Other tech companies, so-callled “unicorns” for their estimated worth of over a billion dollars, have seen similar plummets in worth this year. Dropbox, a popular cloud-based file-sharing service for businesses and individuals, found itself unable to attempt IPO after BlackRock mutual funds slashed its valuation 24%, down from $ 10 billion. And Square, Twitter CEO Jack Dorsey’s other project–a  mobile credit card payment service–recently took about a $ 2 billion hit to its valuation, down now to $ 4.2 billion.

According to Mashable, the “era of free money and wild expectation appears to be ending, for now”:

[General Partner at venture firm NEA Harry] Weller says that beginning this summer, private and public investors began to reassess just how much some of these startups are really worth.
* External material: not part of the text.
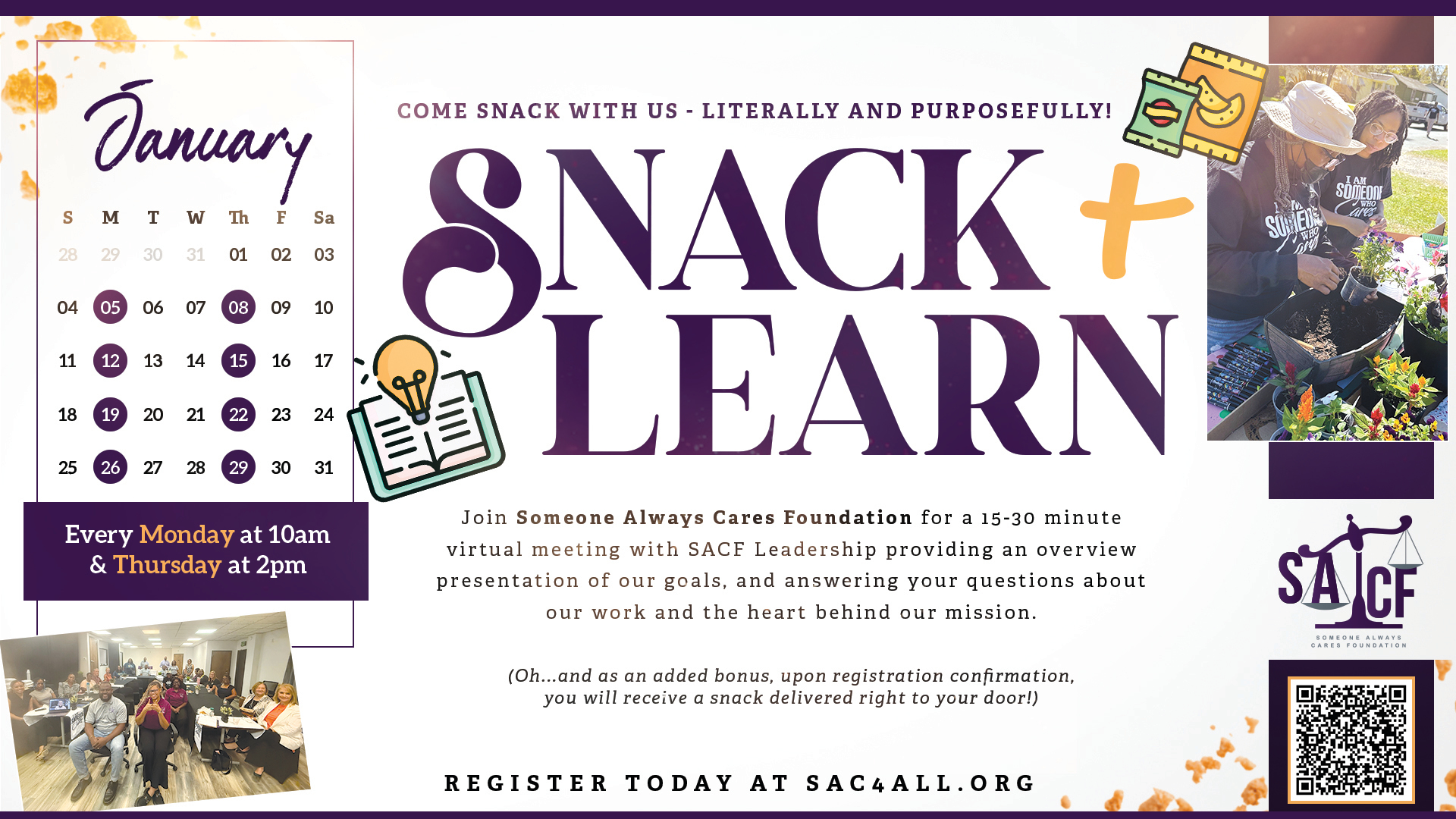 ✨ We’ll even deliver a snack to your door once your registration is confirmed—so you can SNACK with us, literally and purposefully!

That shift coincided with broader instability in the market from concerns about China’s economy slowing down and a looking interest rate hike by the Federal Reserve, as well as worries at the time that Greece could fail to get a bailout.
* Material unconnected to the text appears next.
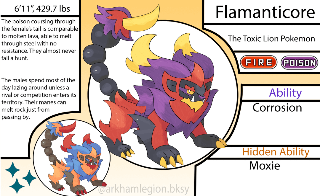 - The evolved form of Pyroar once it reaches lvl 45 w/holding a Toxic Orb. Based on Manticores

…. Some startup founders have already been thinking of their “plan B,” setting aside money to survive a tech winter.

The striking decrease in valuation for these tech companies has largely arisen in the moment they’ve chosen to go public, as investors assess how much they are worth vs. the actuality of what they can get in the market. According to the New York Times:

Most of the largest mutual fund companies, including BlackRock and T. Rowe Price, have pricing committees that work independently from the portfolio managers who bought the shares. This is done, [Managing Director at Duff and Phelps David] Larsen said, to prevent money managers who might have a stake in keeping a valuation high from influencing the valuation.

In the case of Fidelity, it valued its stake in Snapchat at $ 22.91 a share as of Sept. 30, down from $ 30.72 in the previous quarter, according to data compiled by the research service Morningstar.

What do you think: are these reality checks the necessary reining in of tech companies that are too big for their britches, or the sign of a tech bubble about to burst?